◆ EXERCISE REQUIREMENTS
In the records below, repeat word for word only the lines starting at the one that contains "A view of a" and ending at the one that contains "AIDEA Pack of", pictures excluded.

◆ SOURCE MATERIAL
════════════════

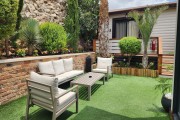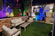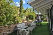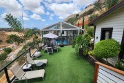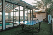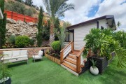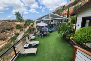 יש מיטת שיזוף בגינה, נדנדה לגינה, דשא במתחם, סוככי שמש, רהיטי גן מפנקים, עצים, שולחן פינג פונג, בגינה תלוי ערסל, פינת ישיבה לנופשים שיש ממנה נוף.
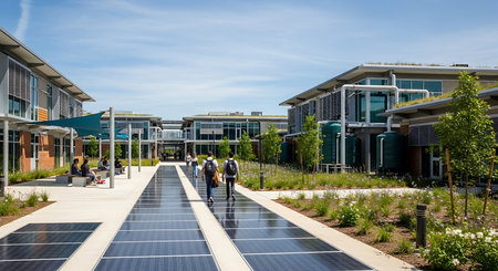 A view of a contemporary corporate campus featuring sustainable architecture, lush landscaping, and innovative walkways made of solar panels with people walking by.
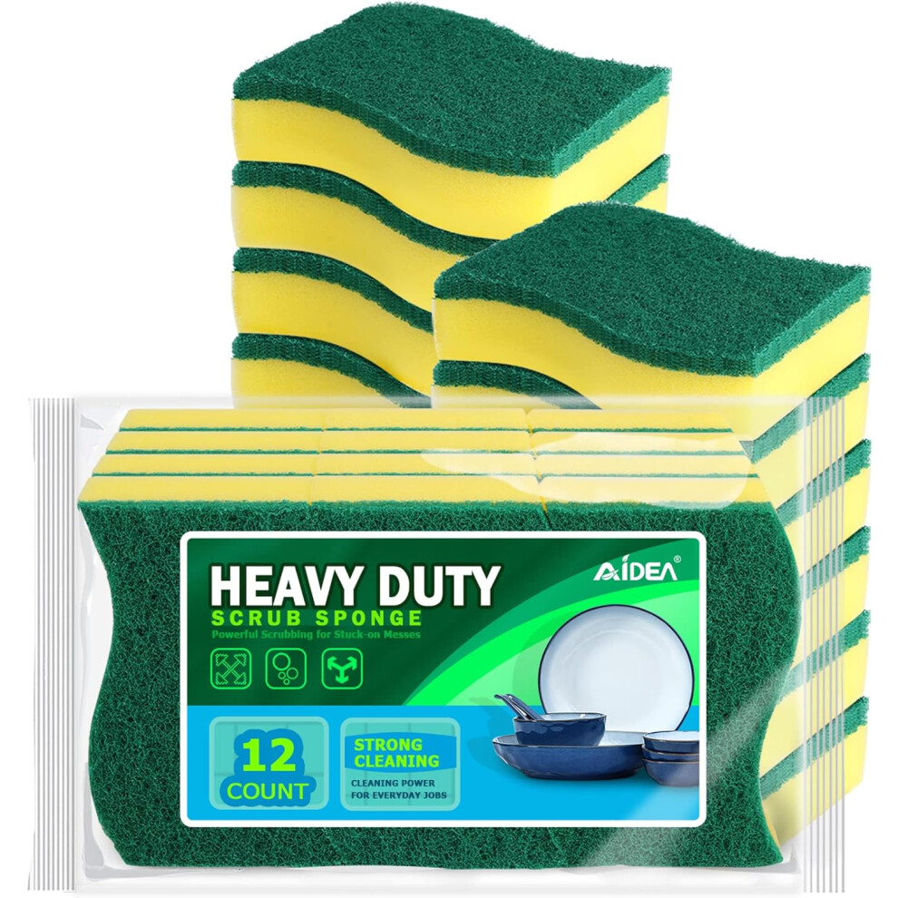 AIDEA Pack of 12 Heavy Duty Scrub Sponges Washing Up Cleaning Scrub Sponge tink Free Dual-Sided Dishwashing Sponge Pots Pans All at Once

════════════════

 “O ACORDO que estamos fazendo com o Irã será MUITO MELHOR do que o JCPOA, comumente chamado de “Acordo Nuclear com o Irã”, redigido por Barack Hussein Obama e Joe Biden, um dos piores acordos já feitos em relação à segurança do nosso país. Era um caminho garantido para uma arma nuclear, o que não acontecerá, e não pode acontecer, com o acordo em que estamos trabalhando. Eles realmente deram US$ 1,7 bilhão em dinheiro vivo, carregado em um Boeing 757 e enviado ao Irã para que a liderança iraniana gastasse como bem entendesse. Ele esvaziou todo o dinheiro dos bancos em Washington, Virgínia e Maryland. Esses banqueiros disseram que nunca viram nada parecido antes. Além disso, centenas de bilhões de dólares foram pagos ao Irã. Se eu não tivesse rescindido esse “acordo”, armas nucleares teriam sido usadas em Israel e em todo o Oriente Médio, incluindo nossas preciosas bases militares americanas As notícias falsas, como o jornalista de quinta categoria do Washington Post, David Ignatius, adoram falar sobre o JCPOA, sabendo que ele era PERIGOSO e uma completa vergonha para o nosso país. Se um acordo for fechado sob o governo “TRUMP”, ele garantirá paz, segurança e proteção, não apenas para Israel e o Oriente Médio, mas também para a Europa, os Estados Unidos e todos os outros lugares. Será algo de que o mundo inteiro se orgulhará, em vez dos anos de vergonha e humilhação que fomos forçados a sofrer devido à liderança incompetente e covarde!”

════════════════

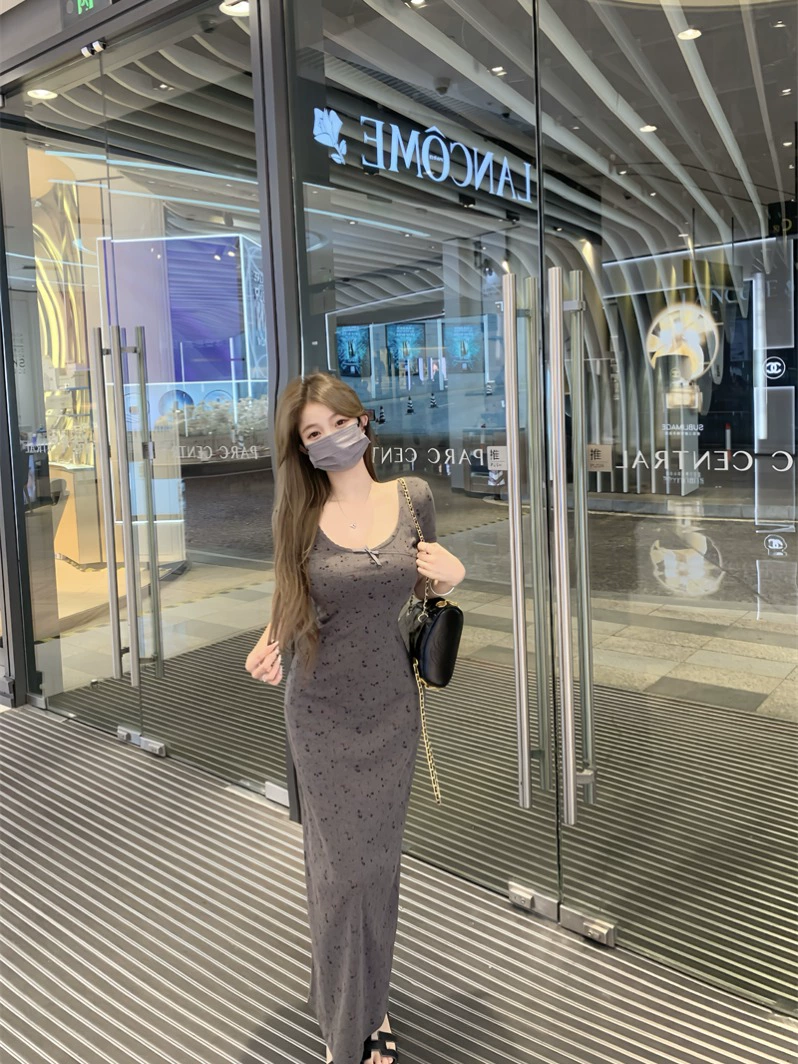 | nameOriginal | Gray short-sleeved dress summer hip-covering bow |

════════════════

◆ COMPLETED EXERCISE
 A view of a contemporary corporate campus featuring sustainable architecture, lush landscaping, and innovative walkways made of solar panels with people walking by.
 AIDEA Pack of 12 Heavy Duty Scrub Sponges Washing Up Cleaning Scrub Sponge tink Free Dual-Sided Dishwashing Sponge Pots Pans All at Once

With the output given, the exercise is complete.